Kingsmead Kitchen, Bath Review

Cold pews, tired plates, and breakfast on a budget of ambition

There is a particular kind of Bath café that trades quietly on the assumption that, once upon a time, it was good. Kingsmead Kitchen falls squarely into this category: a place that looks like it remembers the glory days fondly, but has since misplaced both the cushions and the will to try.

We visited on 3 February 2026, stepping inside to be greeted not by warmth—literal or metaphorical—but by cold, hard pews that suggest the seating was sourced from a deconsecrated chapel with no upholstery budget. No cushions, no softness, no cosy vibe. You don’t so much sit down as take communion with discomfort. The room itself felt chilly, as though the heating had been switched off in solidarity with austerity.
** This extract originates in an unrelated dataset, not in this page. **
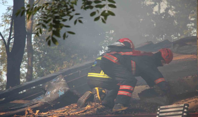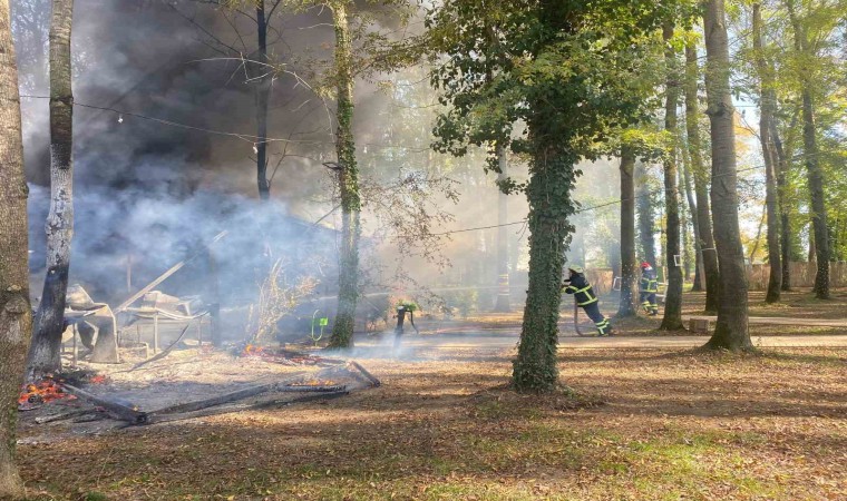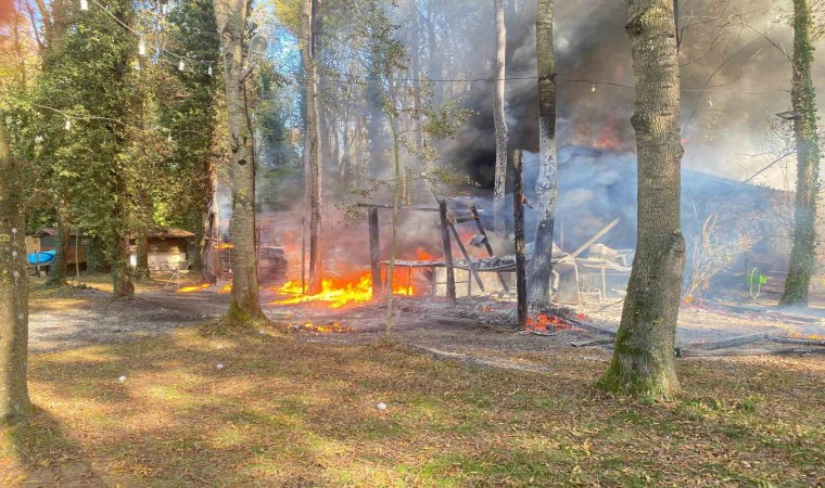 Sakarya’nın Akyazı ilçesi D-100 kara yolu üzerinde bulunan mesire alanındaki ahşap tesisinin mutfak bölümü alev alev yandı.

The menus, meanwhile, looked like archaeological finds: well-thumbed, weary, and possibly carbon-dated. Still, service was pleasant and attentive, which counts for something. Coffee, at least, offered reassurance. A flat white, ordered extra hot, arrived exactly as requested—properly hot, well made, and the highlight of the visit. Credit where it’s due.

Then came the food.

The vegetarian breakfast was dispiritingly small. One piece of toast. One egg. One poorly cooked vegetarian sausage, which had all the enthusiasm of a substitute teacher on a Friday afternoon. The mushrooms were actually quite tasty, the beans did their dependable thing, but the whole plate felt like a children’s portion accidentally served to an adult. Cheap ingredients, modest ambition, and no sense that breakfast might be something to enjoy rather than endure.

The shakshuka fared little better. Perfectly average, leaning heavily on pepper to compensate for a noticeable lack of depth. No fresh herbs, no lift, no sense of care. It arrived with a tiny piece of sourdough toast, which felt less like accompaniment and more like a gesture made under protest.

Cleanliness hovered firmly in the “could do better” column. Our table would have benefited from a thorough scrub, and it was telling that other customers seemed to instinctively avoid it. The café wasn’t busy, which only amplified the sense that this was a place coasting on past reputation rather than present performance.

The bill came to £33.30 for a vegetarian breakfast, shakshuka, black coffee and flat white. That’s an entirely average price for what turned out to be a below-average meal in a tired room. In the good old days, Kingsmead Kitchen might have had style or substance. Today, alas, it has neither—just cold seats, small plates, and a faint sense of melancholy.

Rating: 2 out of 5 stars.
One star for decent coffee and polite service. One for mushrooms that tried their best. The rest is lost somewhere between the pews and the past.